Last week, Chuck Colson talked about voting being both a civic and sacred duty. And I couldn't agree more.
And if we truly care about our country, we ought to do more than just vote. We ought to put our faith to work. One way to do this is to get involved in the political campaigns of the public servant of your choice, from local mayoral candidates to congressmen to presidential nominees.
You might even consider running for office yourself. That's what John Tyler Hammonds did. John is just 19 years old and a freshman at the University of Oklahoma. But that didn't stop him from running for mayor of Muskogee, a city of 38,000 in northeastern Oklahoma. He won with 70 percent of the vote! Clearly, with God's help, big things are possible.
Of course, even outside of political campaigns, there's a lot of work to do. Tragically, no matter who is elected president, it looks like abortion is going to remain legal for a long time. This means that we should be working at pregnancy care clinics, helping young women in crisis pregnancies find solutions that don't involve taking the life of their unborn children.

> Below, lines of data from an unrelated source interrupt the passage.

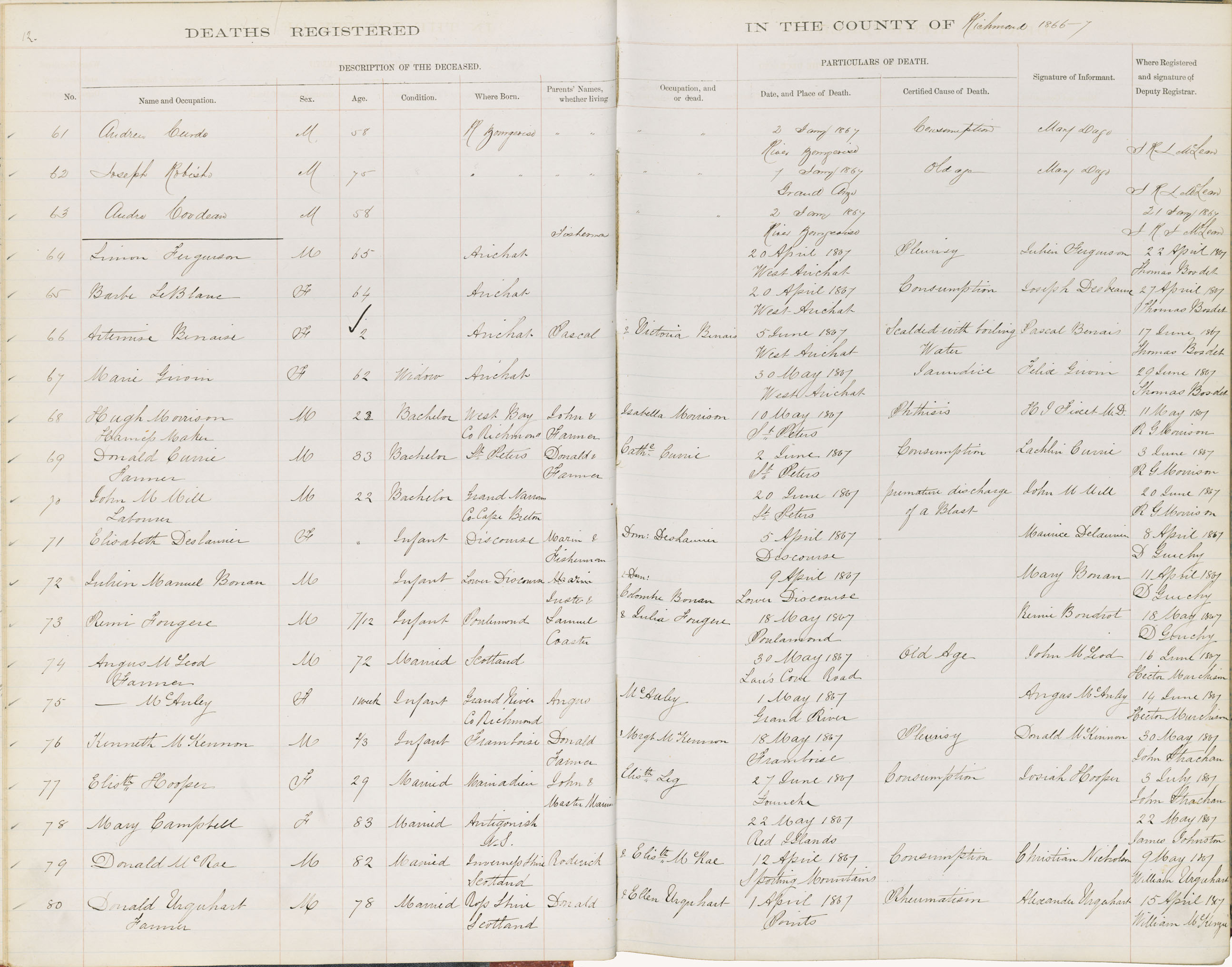 Death Registration: Year: 1867 book: 1815 page: 12 number: 61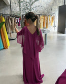 Vestido longo em chiffon com capa atrás, decote em V, Rosa removível; fenda na frente; Com bojo; Ziper atrás;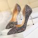 Step into the spotlight with these dazzling stiletto heels, designed to make you shine at any evening event. The sleek pointed toe and flattering cut-out details create an effortlessly elegant silhouette, while the shimmering glitter fabric adds a touch of glamour.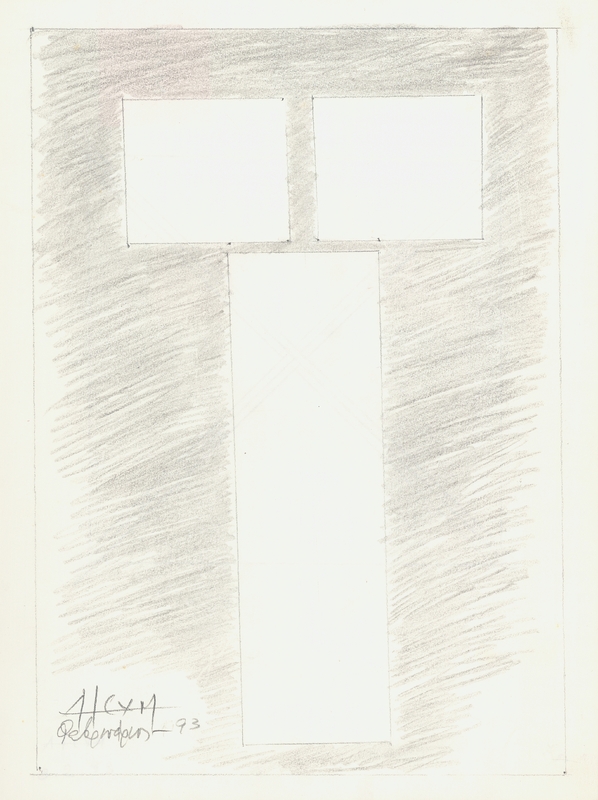 en Geometric composition in gray, study for the series of sculptures "Angels" and "Kouroi." As the artist herself notes, the design was executed in marble in 1993 and is titled "Kouros I." In the early 1990s, Mylona created the series of works "Angels" and "Kouroi" in transparent marble, which are characterized by minimalist and austere lines and absolute geometry. Later, in 1997, she created the works "Kouros" and "Kori," returning to representationalism, stylized forms, and archaic models.

And no matter who occupies the White House, some 2 million people will remain behind bars in America's jails and prisons. Some of you should be volunteering in prison, bringing the love of Christ to desperate men and women—and helping them when they get out to find homes, jobs, and churches. And speaking to policymakers and lawmakers about bringing biblical principles to bear in the criminal justice system.
Above all, be creative! A colleague of mine is planning to have monthly fund-raising tea parties. The money will go to a different charity each month—charities that are working hard to heal our culture.
If you're an attorney, you might consider volunteering for an organization that works to protect the rights of Christians under attack from activist groups.
If you have teenagers, encourage them to take on leadership positions. They could lead a Bible study, run for student council, or mentor or tutor young children.
You can strike a blow against wrong-headed policies both by donating your time and your money. For instance, if politicians refuse to support school choice for poor students while at the same time putting their own children in private schools, hold a pizza party. Let the proceeds go to a scholarship fund for poor children. If you and your friends can get just one child out of a violent or failing school, I promise you the angels will rejoice.
Besides being fun and worthwhile, these kinds of activities will help you light a candle instead of being tempted just to curse the darkness.
Sometimes it's all too easy to fall into a mindset that if your candidate or party loses, everything is lost. Well, it's not.
So, what do we do when the election is over? Yes, we'll cheer if our candidates win and probably moan a bit if they don't. But then, the next day, let's roll up our sleeves and remember, win or lose, we still have to be salt and light in our culture.
We need to put our faith to work—and that means rolling up our sleeves after November 5th.